§ **TASK STATEMENT**:
Pictures excluded, return every entry exactly, please.

--- RECORD EXCERPTS ---

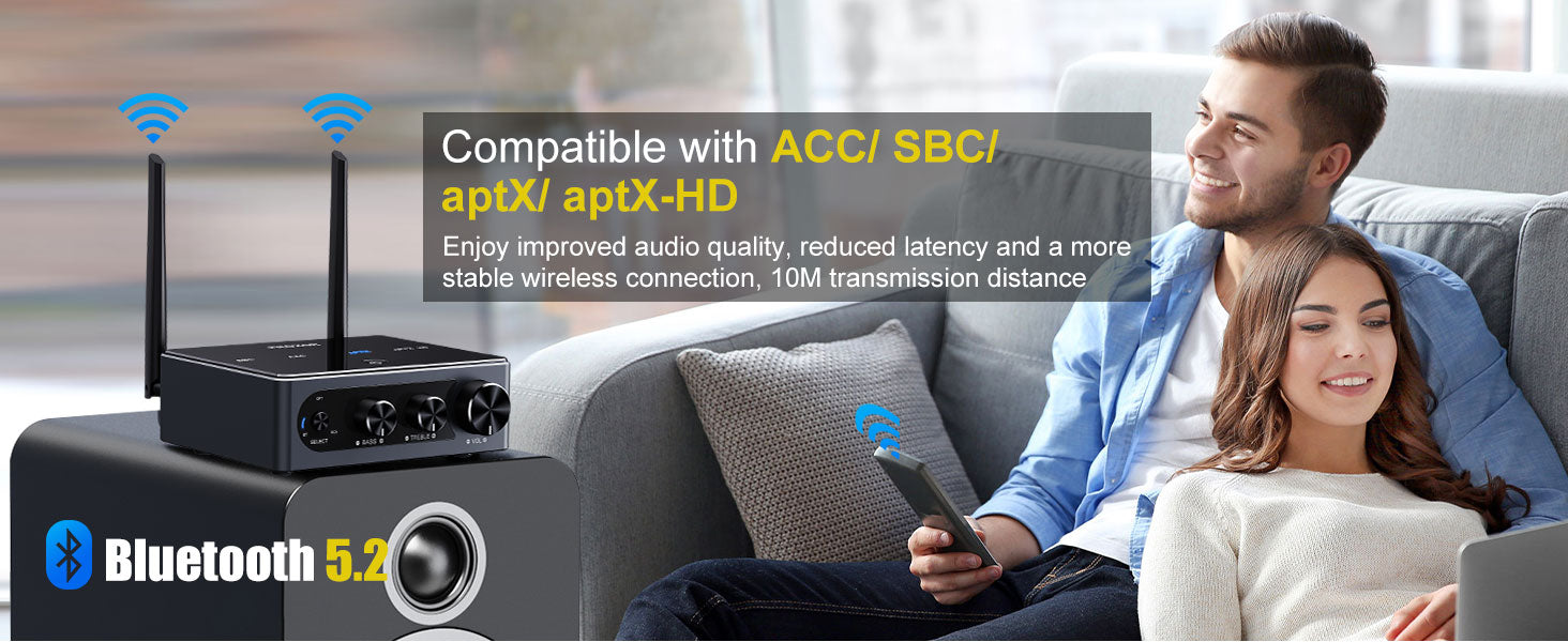 Met de fysieke regelaars voor bas en hoge tonen (treble) past u de audio-ervaring volledig aan uw persoonlijke voorkeur en de akoestiek van de ruimte aan. De nieuwste Bluetooth 5.2 technologie zorgt voor een stabiele, draadloze verbinding met een groot bereik en minimale vertraging. Daarnaast biedt het apparaat diverse bekabelde opties zoals optisch (ideaal voor TV), RCA en AUX, waardoor het de centrale hub van uw audiosysteem wordt.
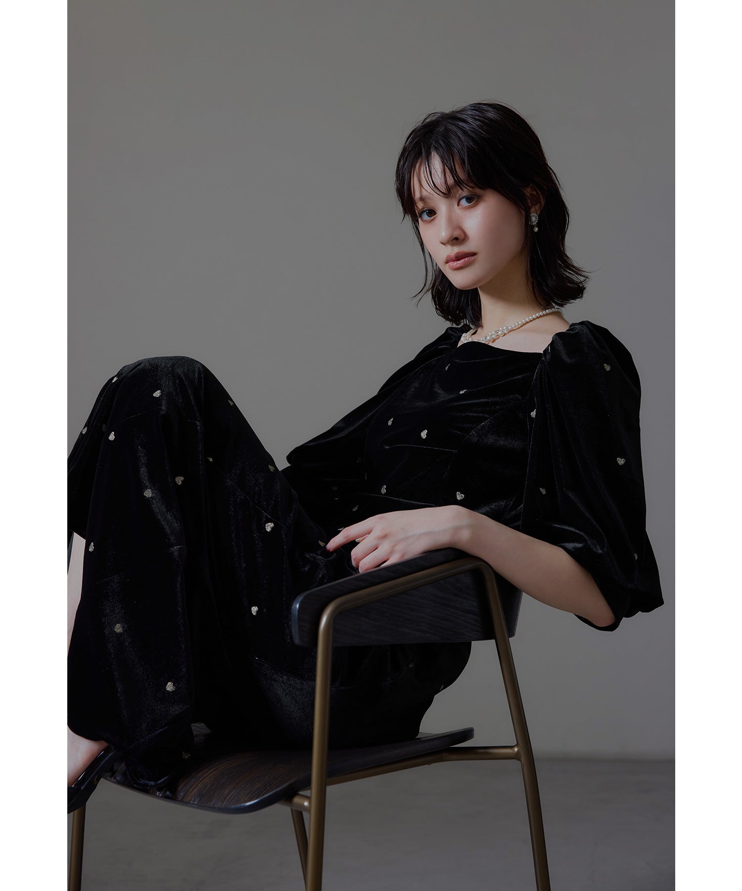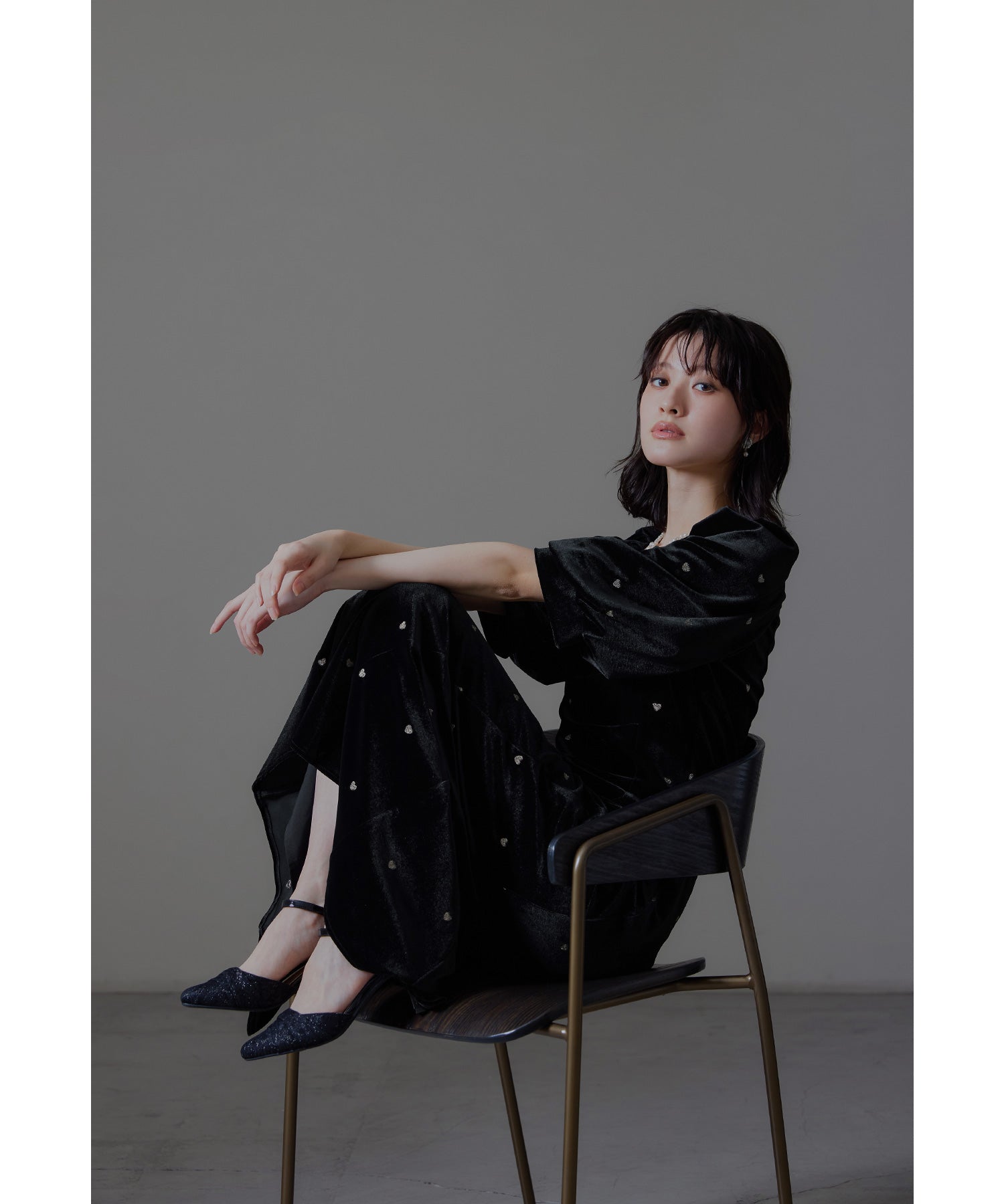 高級感ある滑らかな光沢のベロア素材にひとつひとつ丁寧に刺繍された
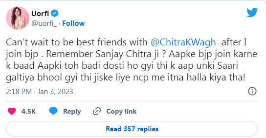 “मला माहीत आहे की राजकारण्यांविरोधात असे पोस्ट अपलोड करणे खूप धोकादायक आहे. पण या लोकांमुळे माझ्या मनात आत्महत्येचे विचार येत आहेत. एकतर मी स्वत:चा जीव तरी घेईन किंवा मग माझ्या मनातले बोलेन आणि त्यांच्याद्वारे मारली जाईन. मात्र या सगळ्याची सुरुवात मी केली नाही. मी कधीच कोणासोबत काही चुकीचे केले नाही. ही लोकं विनाकारण माझ्या मागे लागली आहेत”, असे उर्फीने लिहिले आहे.उर्फीने या आधीच्या पोस्टमध्ये चित्रा वाघ आणि संजय राठोड यांच्या मैत्रीचा उल्लेख केला होता. यात तिने चित्रा वाघ यांच्याबद्दल अनेक प्रश्न विचारले. “मी भाजपामध्ये प्रवेश केल्यावर चित्रा वाघ आपण एकमेकींच्या चांगल्या मैत्रिणी नक्कीच बनू. चित्रा जी, तुम्हाला संजय राठोड आठवतात का? तुम्ही भाजपात प्रवेश केल्यानंतर त्यांच्याशी घनिष्ठ मैत्री झाली आणि तुम्ही त्यांच्या सर्व चुका विसरलात. पण राष्ट्रवादीत असताना मात्र त्यांच्यावर अनेक आरोप केले होते,” असा उपरोधिक टोला तिने चित्रा वाघ यांना लगावला.
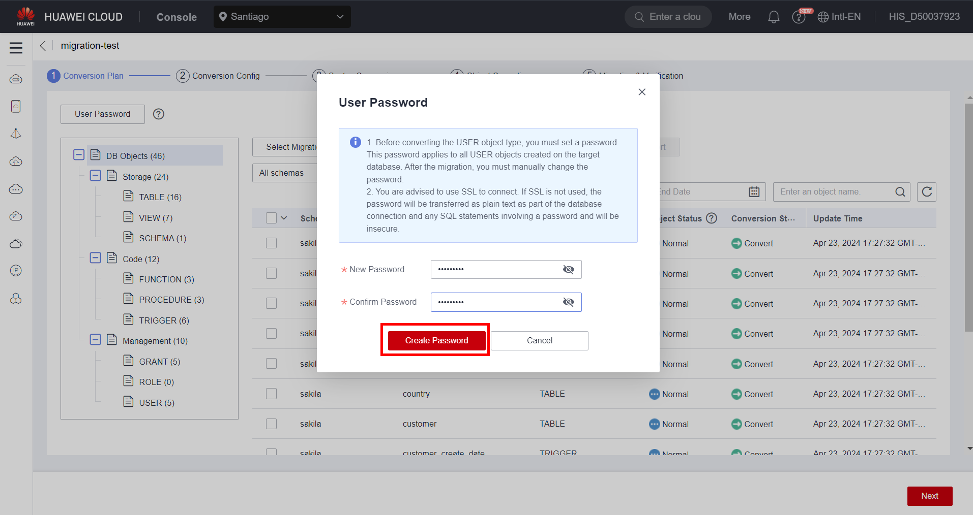 Create a temporary password so that user type objects can be migrated. Note that after migration, you need to manually change the password. Click “Create Password” after entering the password.
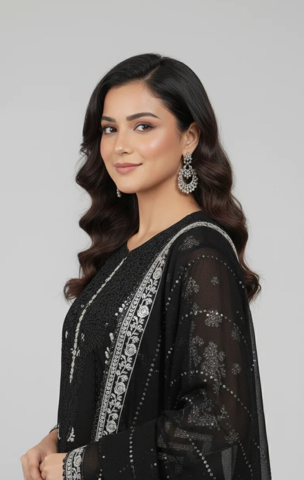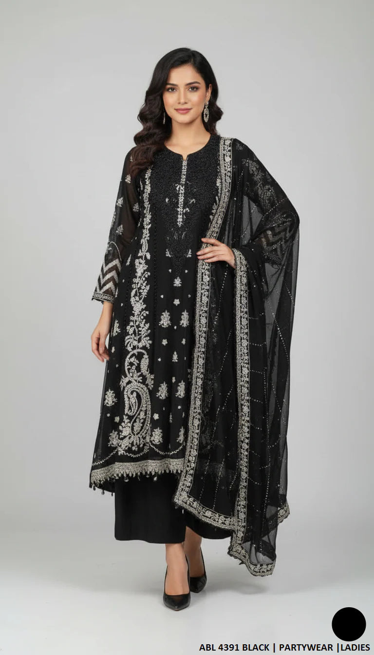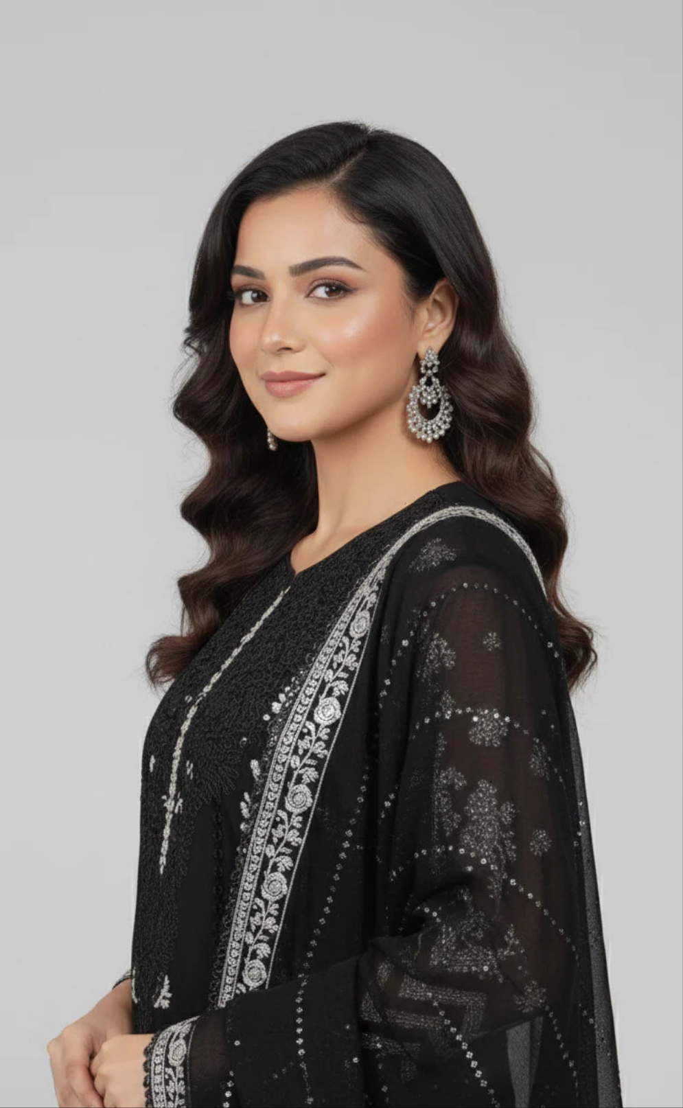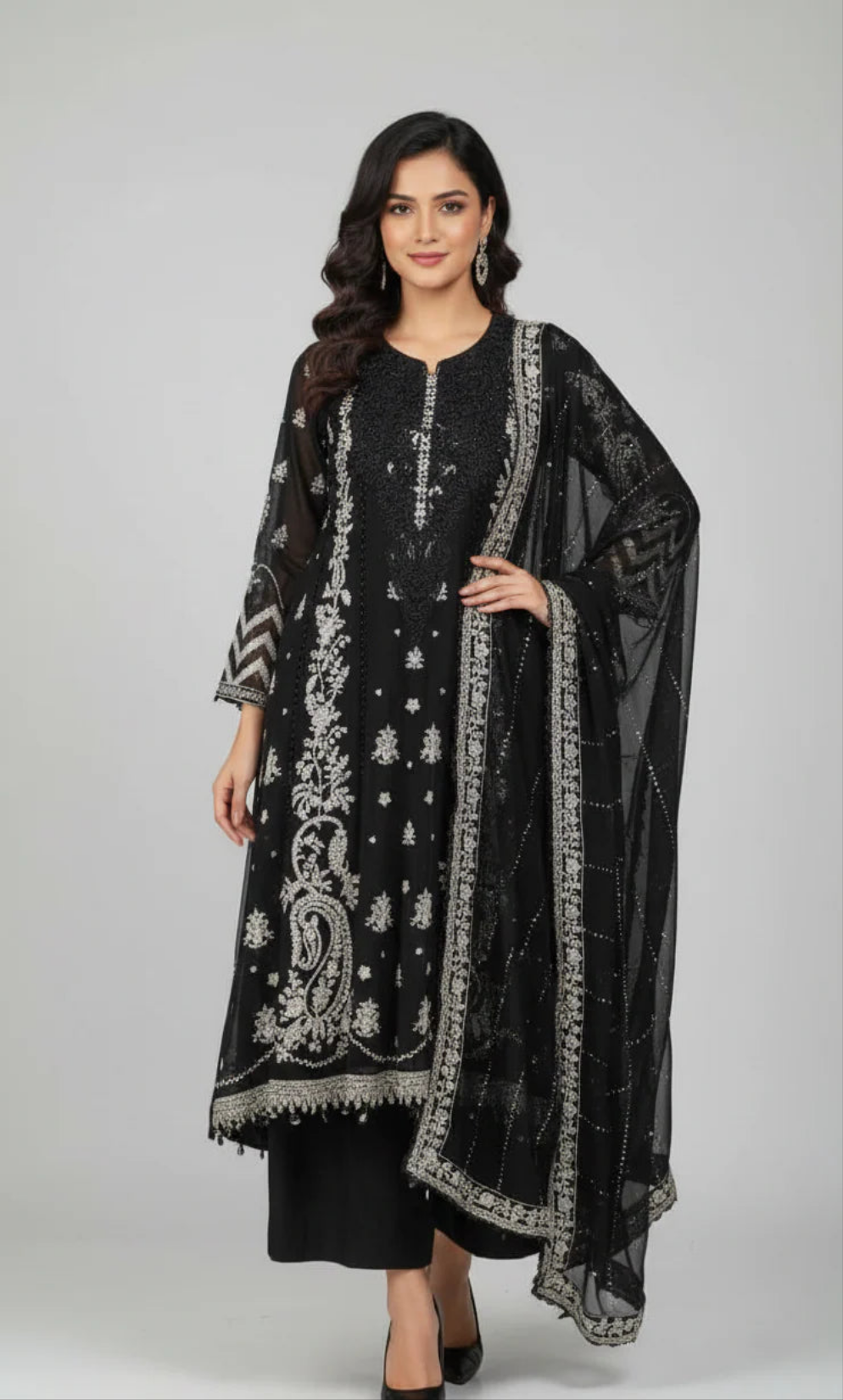 This beautifully designed outfit features a chiffon A-line frock paired with comfortable viscose trousers and a matching chiffon dupatta. The A-line silhouette offers a graceful flow, while the shirt length ranges from 40 to 42 inches, ensuring a flattering fit. With an overall weight of approximately 1.300 kg, this ensemble provides a perfect balance of elegance and comfort.
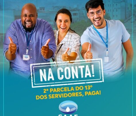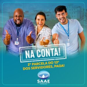 Segunda parcela do 13° Salário dos colaboradores do SAAE, na conta hoje!

---

§ **OUTPUT OF THE EXERCISE**:
 Met de fysieke regelaars voor bas en hoge tonen (treble) past u de audio-ervaring volledig aan uw persoonlijke voorkeur en de akoestiek van de ruimte aan. De nieuwste Bluetooth 5.2 technologie zorgt voor een stabiele, draadloze verbinding met een groot bereik en minimale vertraging. Daarnaast biedt het apparaat diverse bekabelde opties zoals optisch (ideaal voor TV), RCA en AUX, waardoor het de centrale hub van uw audiosysteem wordt.
 高級感ある滑らかな光沢のベロア素材にひとつひとつ丁寧に刺繍された
 “मला माहीत आहे की राजकारण्यांविरोधात असे पोस्ट अपलोड करणे खूप धोकादायक आहे. पण या लोकांमुळे माझ्या मनात आत्महत्येचे विचार येत आहेत. एकतर मी स्वत:चा जीव तरी घेईन किंवा मग माझ्या मनातले बोलेन आणि त्यांच्याद्वारे मारली जाईन. मात्र या सगळ्याची सुरुवात मी केली नाही. मी कधीच कोणासोबत काही चुकीचे केले नाही. ही लोकं विनाकारण माझ्या मागे लागली आहेत”, असे उर्फीने लिहिले आहे.उर्फीने या आधीच्या पोस्टमध्ये चित्रा वाघ आणि संजय राठोड यांच्या मैत्रीचा उल्लेख केला होता. यात तिने चित्रा वाघ यांच्याबद्दल अनेक प्रश्न विचारले. “मी भाजपामध्ये प्रवेश केल्यावर चित्रा वाघ आपण एकमेकींच्या चांगल्या मैत्रिणी नक्कीच बनू. चित्रा जी, तुम्हाला संजय राठोड आठवतात का? तुम्ही भाजपात प्रवेश केल्यानंतर त्यांच्याशी घनिष्ठ मैत्री झाली आणि तुम्ही त्यांच्या सर्व चुका विसरलात. पण राष्ट्रवादीत असताना मात्र त्यांच्यावर अनेक आरोप केले होते,” असा उपरोधिक टोला तिने चित्रा वाघ यांना लगावला.
 Create a temporary password so that user type objects can be migrated. Note that after migration, you need to manually change the password. Click “Create Password” after entering the password.
 This beautifully designed outfit features a chiffon A-line frock paired with comfortable viscose trousers and a matching chiffon dupatta. The A-line silhouette offers a graceful flow, while the shirt length ranges from 40 to 42 inches, ensuring a flattering fit. With an overall weight of approximately 1.300 kg, this ensemble provides a perfect balance of elegance and comfort.
 Segunda parcela do 13° Salário dos colaboradores do SAAE, na conta hoje!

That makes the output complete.